Aussitôt que j’eus posé la main sur le marteau, la porte fut ouverte et le portier accourut avec frayeur, craignant que son marteau n’eût retombé trop lourdement. Il referma la porte lentement et avec précaution. Je lui demandai sur-le-champ s’il n’était pas venu un vieillard de telle et telle façon, décrivant M. de Chénier de mon mieux. Le portier prit une figure de marbre, avec une promptitude de comédien. Il secoua la tête négativement.

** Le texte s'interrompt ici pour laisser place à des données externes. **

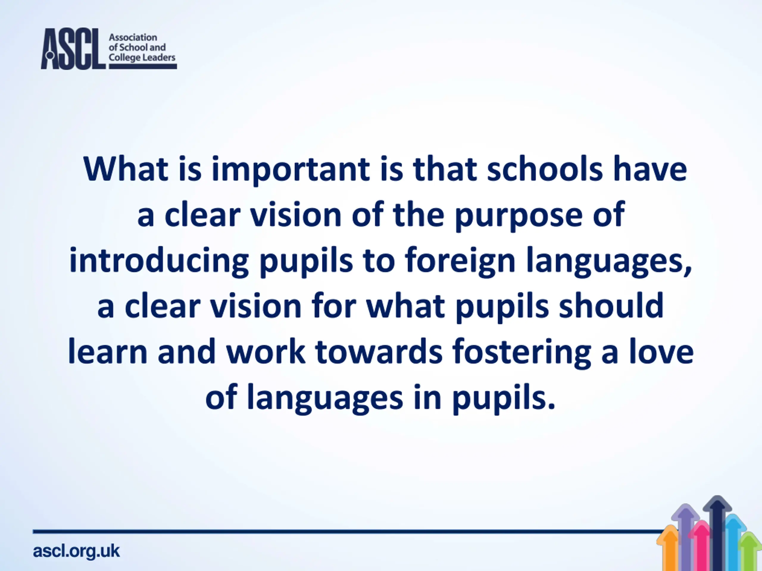 What is important is that schools have a clear vision of the purpose of introducing pupils to foreign languages, a clear vision for what pupils should learn and work towards fostering a love of languages in pupils. ascl.org.uk

— Je n’ai pas vu ça, me dit-il.

J’insistai ; je lui dis : Souvenez-vous bien de tous ceux qui sont venus ce matin. — Je le pressai, je l’interrogeai, je le retournai en tous sens.

— Je n’ai pas vu ça.

Voilà tout ce que j’en pus tirer. Un petit garçon déguenillé se cachait derrière lui et s’amusait à jeter des cailloux sur mes bas de soie. Je reconnus celui qu’on m’avait envoyé à son air méchant. Je montai chez l’incorruptible par un escalier assez obscur. Les clefs étaient sur toutes les portes, on allait de chambre en chambre sans trouver personne. Dans la quatrième seulement, deux nègres assis et deux secrétaires écrivant éternellement sans lever la tête. Je jetai un coup-d’œil, en passant, sur leurs tables. Il y avait là terriblement de listes nominales. Cela me fit mal à la plante des pieds, comme la vue du sang et le bruit des chariots.

Je fus introduit en silence, après avoir marché silencieusement sur un tapis silencieux aussi, quoique fort usé.